RESEARCH ON USER CONSUMPTION BEHAVIOR PREDICTION BASED ON


IMPROVED XGBOOST ALGORITHM

Wang XingFen et.al., has proposed in this paper This paper is to propose an improved algorithm in
modeling user consumption behavior, which combined Logistic regression and XGBoost algorithm to
predict users' purchasing behavior in an e-commerce website. XGBoost, as a feature transformation, is
used to make sample prediction.
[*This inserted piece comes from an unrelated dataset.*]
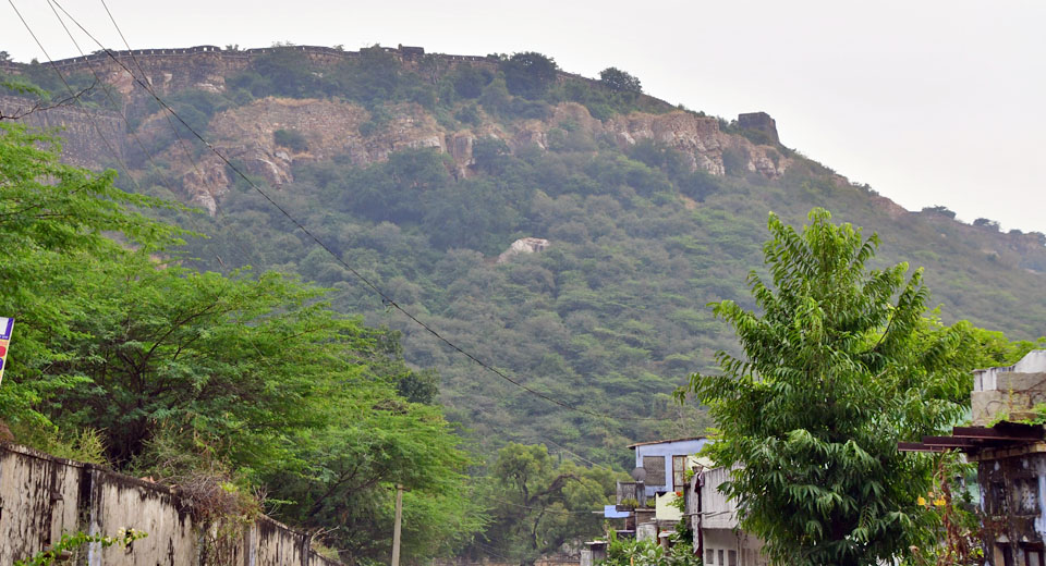 台地の西側に広がる「Chittorgarh」の町並み。-画像クリックで拡大- |

According to the prediction results, the information of each regression
tree will construct the new feature vector, which will be the input data of the logistic regression model.
The previous improved clustering algorithm [1] will be involved to cluster the different user divisions for
further comparative analysis with the three predictive models in this paper. Specifically, more than 50
million original data are collected and preprocessed for correlation mining. 60% are selected randomly to
be the training set and 20% to be the verification set and the rest 20% as the test set. Logistic regression
and XGBoost algorithm are used respectively to set up two models based on making use of the advantages
of each. The research shows that Logistic regression on XGBoost method is feasible and the evaluation
index of the model is better than any methods being used alone.[6]
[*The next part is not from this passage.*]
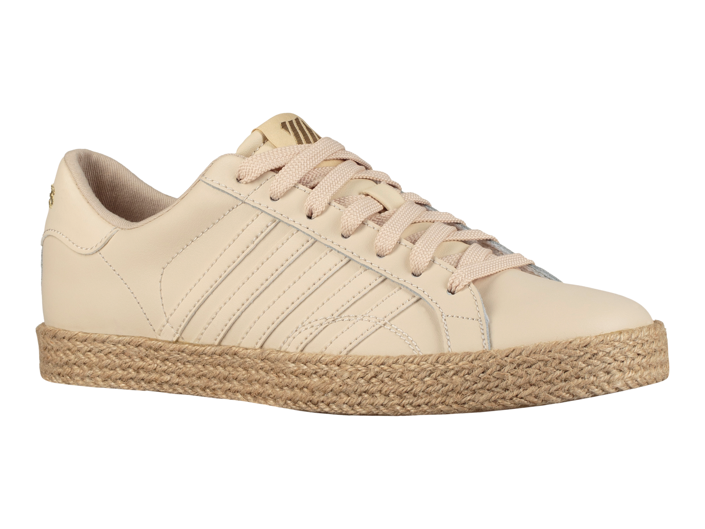 For women who covet the look of espadrilles but prefer the comfort of sneakers, K-Swiss introduces a style that combines the best of both worlds. K-Swiss adds a feminine detail to refresh the Belmont, wrapping jute around the midsole. In white and dusty neutrals, the streamlined silhouette can be paired with a variety of looks. The die-cut EVA sock liner offers a comfortable, cushioned step. The Belmont SO Jute is the perfect accessory for a breezy, effortless look.

MAKING A SCIENCE OF MODEL SEARCH: HYPERPARAMETER OPTIMIZATION


IN HUNDREDS OF DIMENSIONS FOR VISION ARCHITECTURES

J. Bergstra et.al., has proposed in this paper Many computer vision algorithms depend on configuration
settings that are typically hand-tuned in the course of evaluating the algorithm for a particular data set.
While such parameter tuning is often presented as being incidental to the algorithm, correctly setting
these parameter choices is frequently critical to realizing a method is full potential. Compounding matters,
these parameters often must be re-tuned when the algorithm is applied to a new problem domain, and
the tuning process itself often depends on personal experience and intuition in ways that are hard to
quantify or describe. Since the performance of a given technique depends on both the fundamental
quality of the algorithm and the details of its tuning, it is sometimes difficult to know whether a given
technique is genuinely better or simply better tuned. In this work, we propose a meta-modeling approach
to support automated hyperactive parameter optimization, with the goal of providing practical tools that
replace hand tuning with a reproducible and unbiased optimization process. Our approach is to expose
the underlying expression graph of how a performance metric (e.g. classification accuracy on validation
examples) is computed from hyperactive parameters that govern not only how individual processing steps
are applied, but even which processing steps are included. A hyperactive parameter optimization
algorithm transforms this graph into a program for optimizing that performance metric. Our approach
yields state of the art results on three disparate computer vision problems: a facematching verification
task (LFW), a face identification task (PubFig83) and an object recognition task (CIFAR-10), using a single
broad class of feed-forward vision architectures. In this work, we have described a conceptual framework
to support automated hyperactive parameter and demonstrated that it can be used to quickly recover
state-of-the-art results on several unrelated image classification tasks from a large family of computer
vision models, with no manual intervention. On each of three datasets used in our study, we compared
random search to a more sophisticated alternative: TPE. A priori, random search confers some
advantages: it is trivially parallel, it is simpler to implement, and the independence of trials supports more
interesting analysis (Bergstra & Bengio, 2012). However, our experiments found that TPE clearly outstrips
random search in terms of optimization efficiency. TPE found best-known configurations for each data
set, and did so in only a small fraction of the time we allocated to random search. TPE, but not random
search, was found to match the performance of manual tuning on the CIFAR-10 data set. With regards to
the computational overhead of search, TPE took no more than a second or two to suggest new hyper
parameter assignments, so it added a negligible computational cost to the experiments overall.[7]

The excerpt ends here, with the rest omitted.